▶ _Task details_
Your output should consist solely of the lines from the one holding "口金26mmの電球を口金39" to the end of the records below, inclusive, reproduced exactly and free of pictures.

▶ _Stored data_
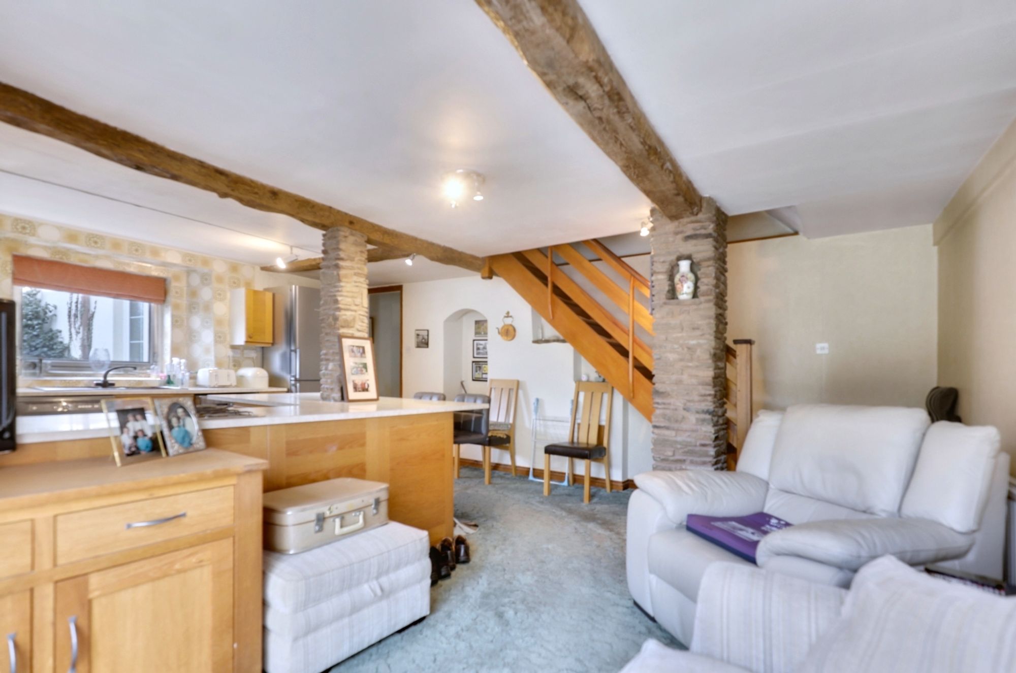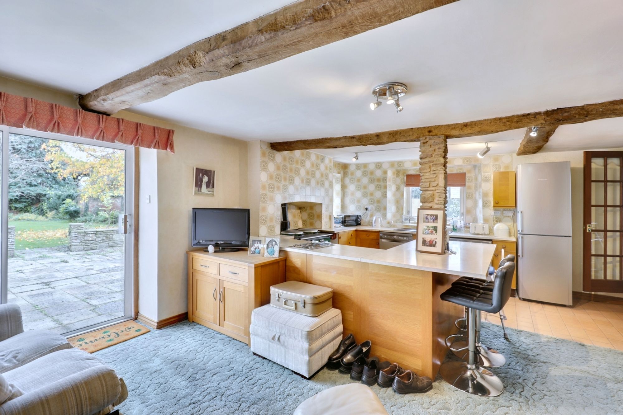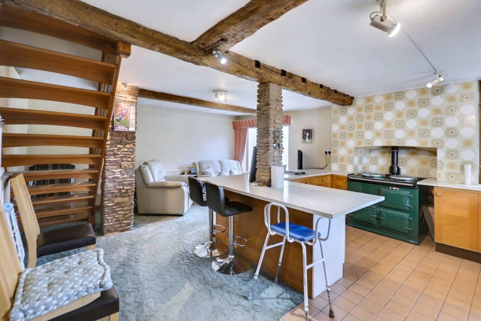 At the heart of the home is the expansive kitchen and family room. This beautifully designed space features a well-appointed kitchen with a central island, a striking green Aga, and generous counter space. Exposed beams and rustic stone details add charm, while sliding glass doors open onto the rear patio, offering easy access to outdoor entertaining areas. The cosy seating area within this space enhances its versatility.
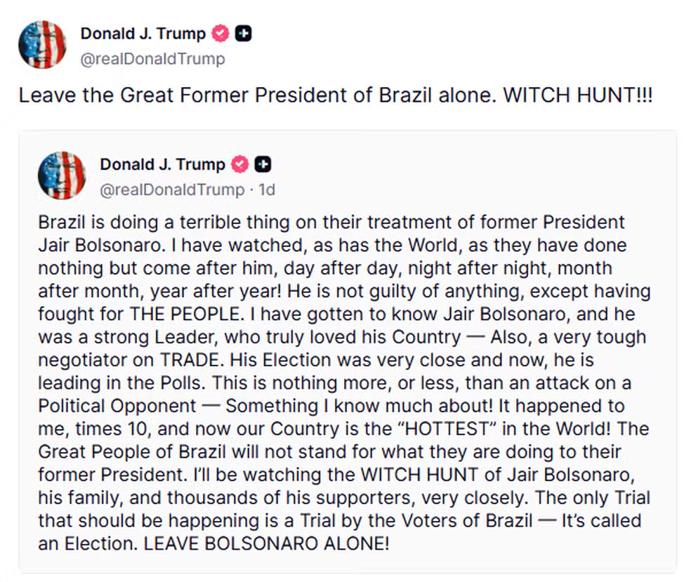 Na segunda (7), Trump já havia feito uma postagem defendendo o ex-presidente. O republicano disse que Bolsonaro é alvo de perseguição, também na Truth Social. Nessa nova manifestação, Trump compartilhou o post anterior.
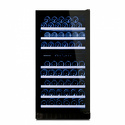 Тип: однокамерный винный шкаф • Расположение: встраиваемый • Цвет: чёрный • Размеры (ШxВxГ): 595x1200x680 мм • Количество дверей: однодверный • Общий объем: 270 л • Винный шкаф: 94 бут. • Разморозка: автоматическая • Управление: электронное • Освещение в холодильной камере: есть • Перевешиваемые двери: есть • Материал полок: дерево • Класс энергопотребления: D • Годовой расход энергии: 277 кВтч
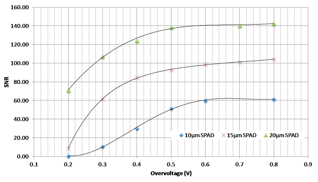 We also evaluated the Signal to Noise Rate (SNR) for each photodiode as a function of overvoltage [22], as seen on Figure 9. The SNR is calculated using the following equation:
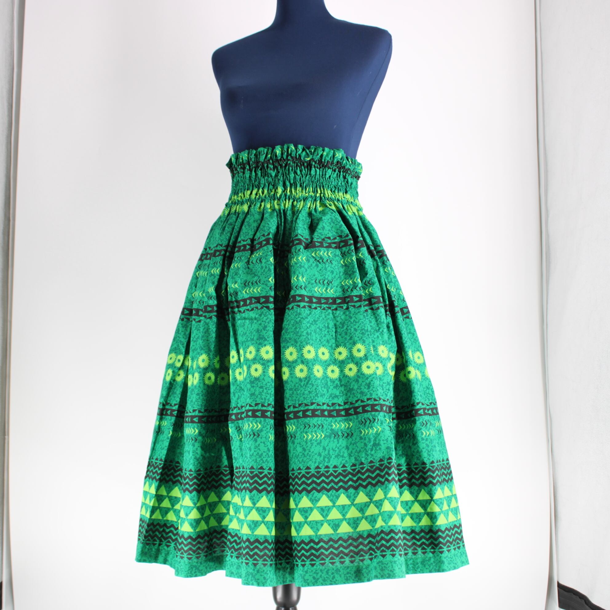 【フラダンス衣装】グリーン パウスカート 緑 ブラック ハワイアンプリント 黒 タパ柄 シャーリング アロハ フレア シングル
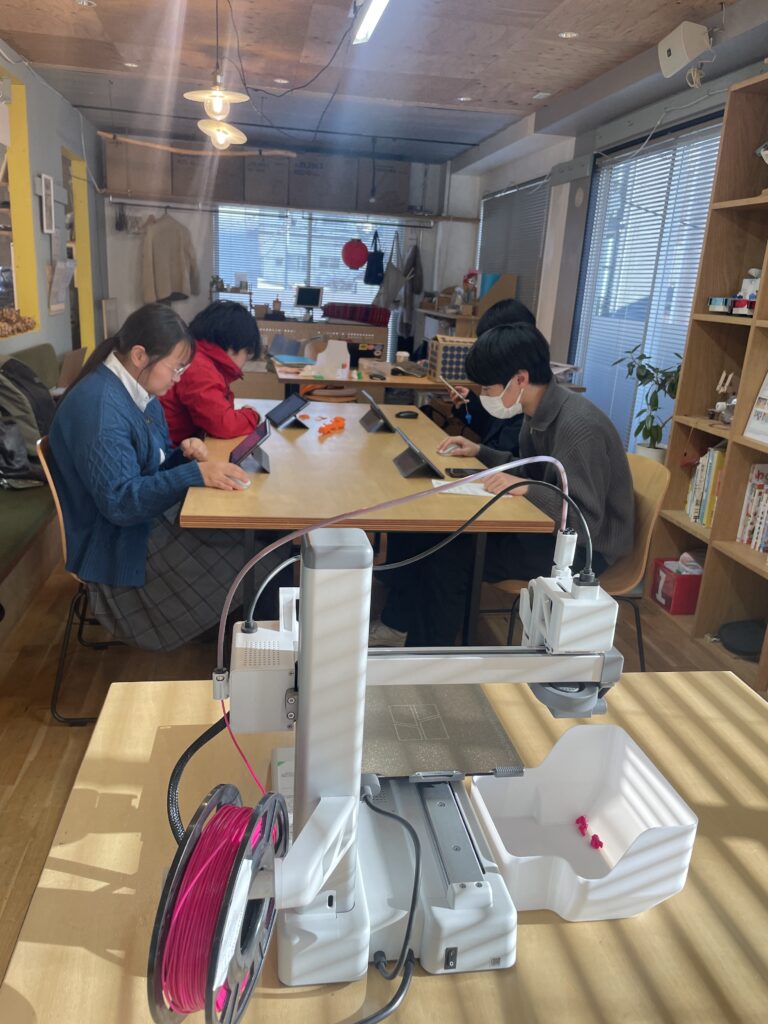 使ったCADソフトはTinkercad、高校生ともなれば触って直感的に操作がわかって、どんどんデータ制作は進みます。3Dプリンターの扱いも、フィラメントのセッティングからやってもらいましたが、モニターを見てあっという間にできました。そう、教えることなんて、ほとんどないのです。
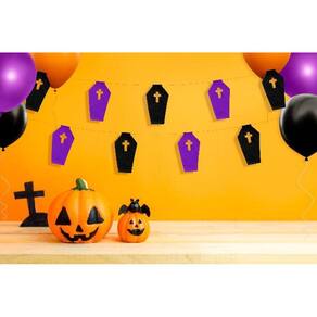Kit Bandeirinha Halloween Caixão Pretoroxo 10 Pacotes Com 5 Metros BOOOOO Se você está procurando uma opção de decoração de Halloween prática e criativa, o Kit de Bandeirinha Decorativa Caixão Preto Roxo que oferecemos é perfeito para vocêEssas Bandeirinhas foram feitas de Papel Seda, com muita criatividade e carinho, possuindo um total de 9 bandeirinhas em cada pacote, suspensas por um barbante que tem o comprimento de 5 metros. O melhor é que são 10 pacotes que vêm no kit, ou seja, você terá um total de 50 metros de bandeirinhas para decorar o seu espaçoAdquira já o seu Kit de Bandeirinhas Decorativas e faça uma decoração incrivelmente assustadora de Halloween com muita facilidade e economia
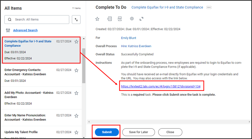 - Select the next task: Complete Equifax for I-9 and State Compliance. Click on the link to login to Equifax and complete the I-9 and State Compliances forms (if applicable). Select Submit to proceed.
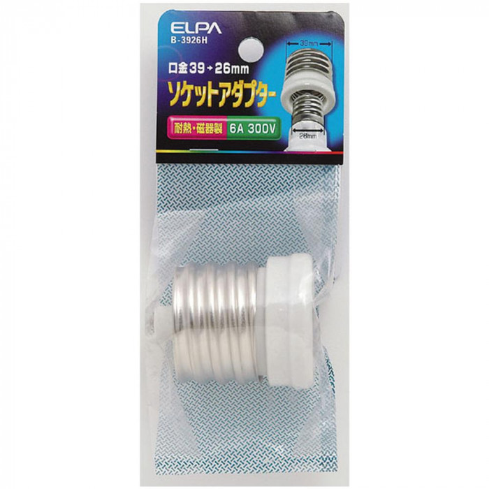 口金26mmの電球を口金39mmの電球ソケットに取り付ける為の変換アダプターです。陶磁器製ですので、耐熱性にも優れています。
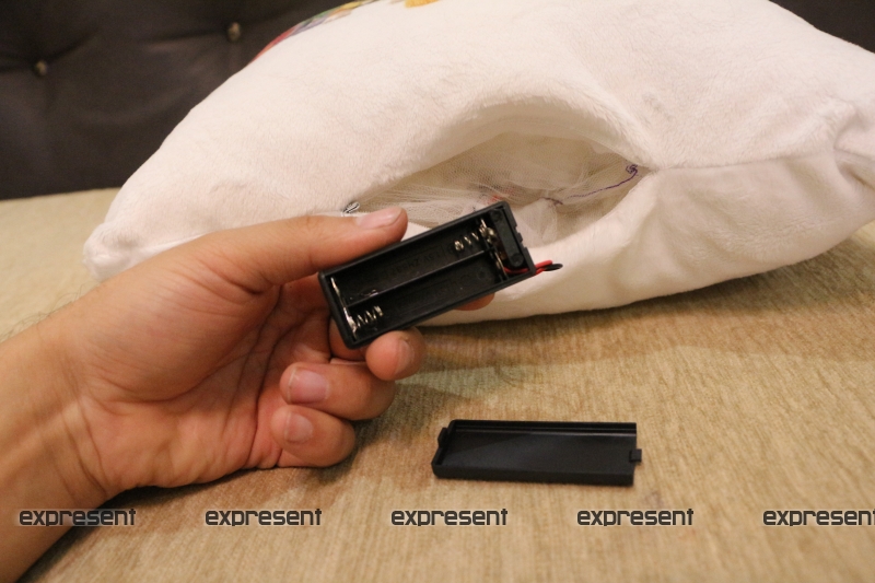 В каждой подушке под потайной молнией находится блок питания, там используется 2 ААА батарейки. Внутри подушки есть включатель и выключатель.
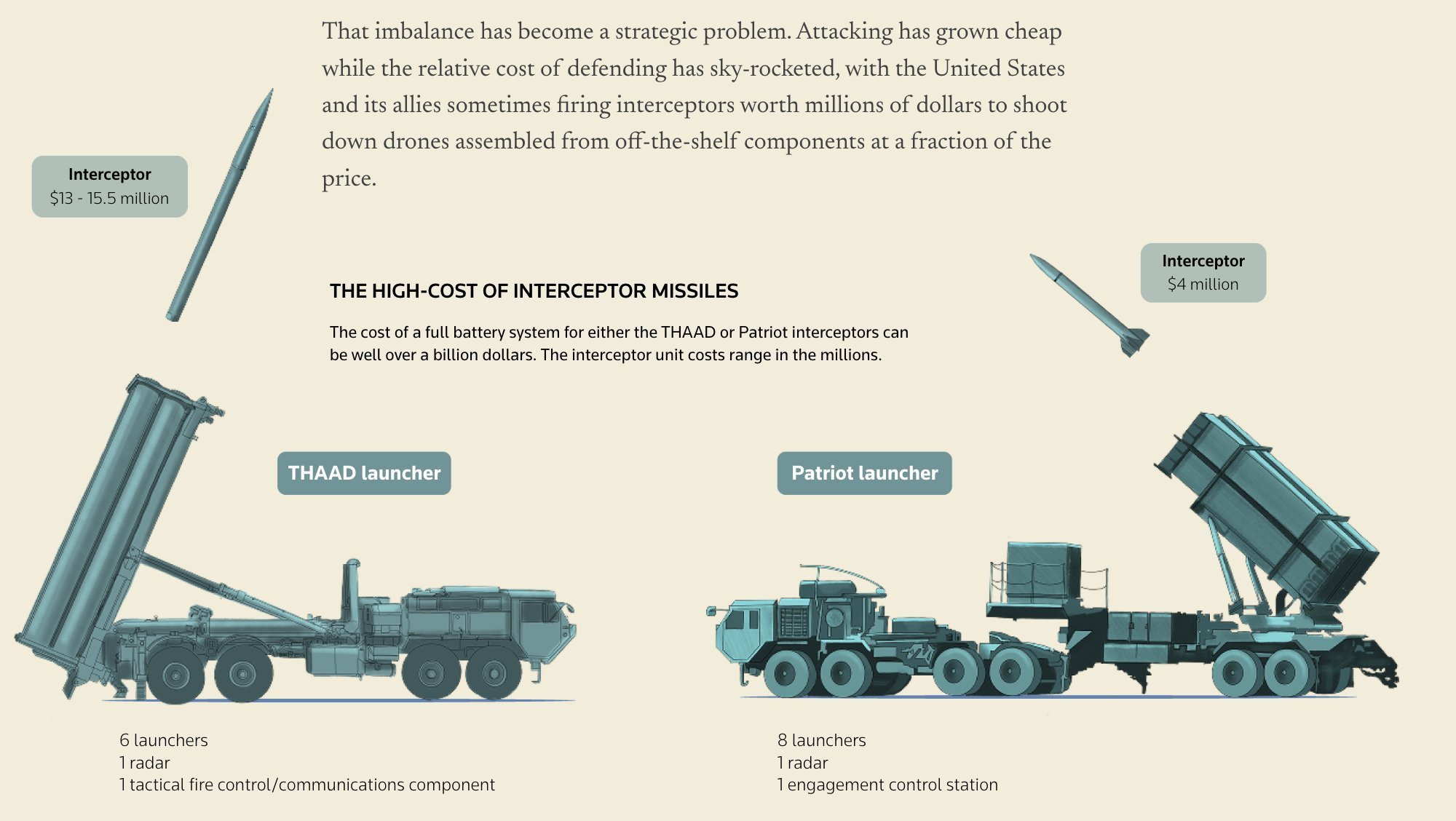 伊朗正在使用大规模无人机袭击(一周内超过 1000 次)来突破防御。每架无人机的成本为 2 万至 5 万美元,而拦截器的成本超过 300 万美元。
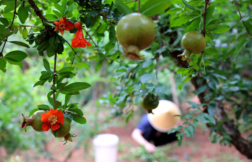 果农在山东枣庄峄城石榴园的石榴树下劳作(2025年6月18日摄)。新华社发(孙中喆 摄)
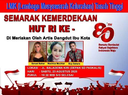 Diakhir keterangannya, Herwanto Nurmansyah menyatakan bahwa,”Peringingatan Agustusan ke-80 Kelurahan Tanah Tinggi ini diharapkan dapat menjadi momentum untuk meningkatkan kesadaran dan semangat kebangsaan, serta memperkuat persatuan dan kesatuan bangsa Indonesia untuk mencapai tujuan bersama,” pungkas Advokat Artis yang sekaligus pemain Film Kolosal ini penuh semangat. (*Deriyanto/Alferdi/Yoyon)
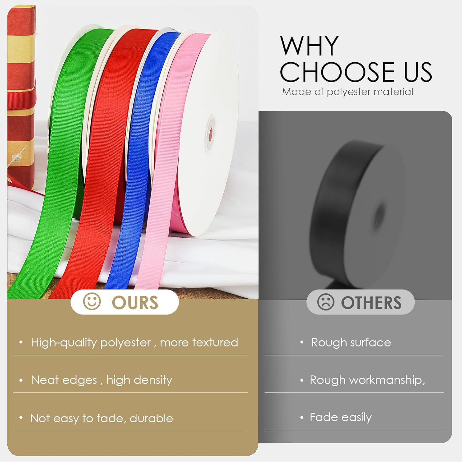 - SIZE: This solid color grosgrain ribbon measures 5/8 inch width and 100 yards length. Enough to meet your daily needs, super cost-effective for you and easy to store.
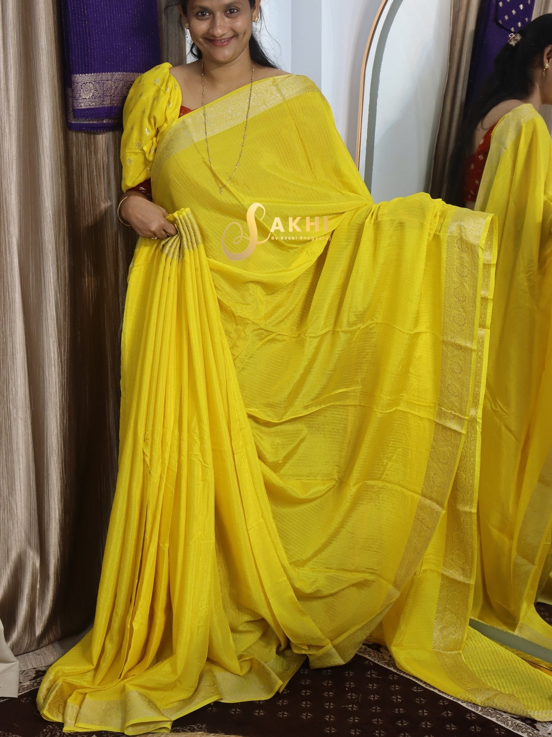 Fabric: Soft Chiffon Nature : Transparent and thin, Weightless fabric Blouse : running Color: Yellow,...
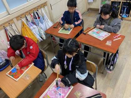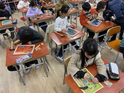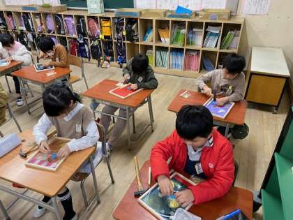 3年生の図工では、『くぎ打ちトントン』ということで、こりんとゲームを作っています。
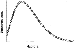 Рис. 8.3.Интенсивность излучения, заполняющего пустое пространство, может быть измерена для каждой длины волны, и кружочки показывают полученные таким способом величины. Сплошная линия является интенсивностью, предсказываемой законом Планка для излучения черного тела (глава 7), если температура тела равна 2,728 К.
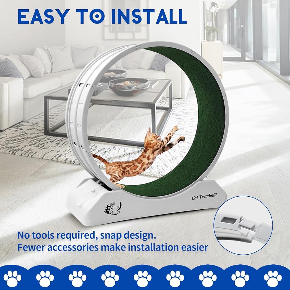 【مادة عالية الجودة وقوية ومتينة】عجلة الجري للقطط هذه مصنوعة من الخشب الصلب، متينة للغاية. تتميز عجلة الجري للقطط بسعة وزن قصوى تصل إلى 110 باوند، لذلك لا داعي للقلق بشأن وزن قطتك على الإطلاق. تم توسيع قاعدة عجلة المشي هذه لتلتف بالكامل حول عجلة الجري، كما أن مركز الجاذبية ذو القاعدة الموزونة صلب للغاية بحيث من غير المرجح أن ينقلب حتى أكثر القطط نشاطًا ورياضية.

▶ _The completed task_
 口金26mmの電球を口金39mmの電球ソケットに取り付ける為の変換アダプターです。陶磁器製ですので、耐熱性にも優れています。
 В каждой подушке под потайной молнией находится блок питания, там используется 2 ААА батарейки. Внутри подушки есть включатель и выключатель.
 伊朗正在使用大规模无人机袭击(一周内超过 1000 次)来突破防御。每架无人机的成本为 2 万至 5 万美元,而拦截器的成本超过 300 万美元。
 果农在山东枣庄峄城石榴园的石榴树下劳作(2025年6月18日摄)。新华社发(孙中喆 摄)
 Diakhir keterangannya, Herwanto Nurmansyah menyatakan bahwa,”Peringingatan Agustusan ke-80 Kelurahan Tanah Tinggi ini diharapkan dapat menjadi momentum untuk meningkatkan kesadaran dan semangat kebangsaan, serta memperkuat persatuan dan kesatuan bangsa Indonesia untuk mencapai tujuan bersama,” pungkas Advokat Artis yang sekaligus pemain Film Kolosal ini penuh semangat. (*Deriyanto/Alferdi/Yoyon)
 - SIZE: This solid color grosgrain ribbon measures 5/8 inch width and 100 yards length. Enough to meet your daily needs, super cost-effective for you and easy to store.
 Fabric: Soft Chiffon Nature : Transparent and thin, Weightless fabric Blouse : running Color: Yellow,...
 3年生の図工では、『くぎ打ちトントン』ということで、こりんとゲームを作っています。
 Рис. 8.3.Интенсивность излучения, заполняющего пустое пространство, может быть измерена для каждой длины волны, и кружочки показывают полученные таким способом величины. Сплошная линия является интенсивностью, предсказываемой законом Планка для излучения черного тела (глава 7), если температура тела равна 2,728 К.
 【مادة عالية الجودة وقوية ومتينة】عجلة الجري للقطط هذه مصنوعة من الخشب الصلب، متينة للغاية. تتميز عجلة الجري للقطط بسعة وزن قصوى تصل إلى 110 باوند، لذلك لا داعي للقلق بشأن وزن قطتك على الإطلاق. تم توسيع قاعدة عجلة المشي هذه لتلتف بالكامل حول عجلة الجري، كما أن مركز الجاذبية ذو القاعدة الموزونة صلب للغاية بحيث من غير المرجح أن ينقلب حتى أكثر القطط نشاطًا ورياضية.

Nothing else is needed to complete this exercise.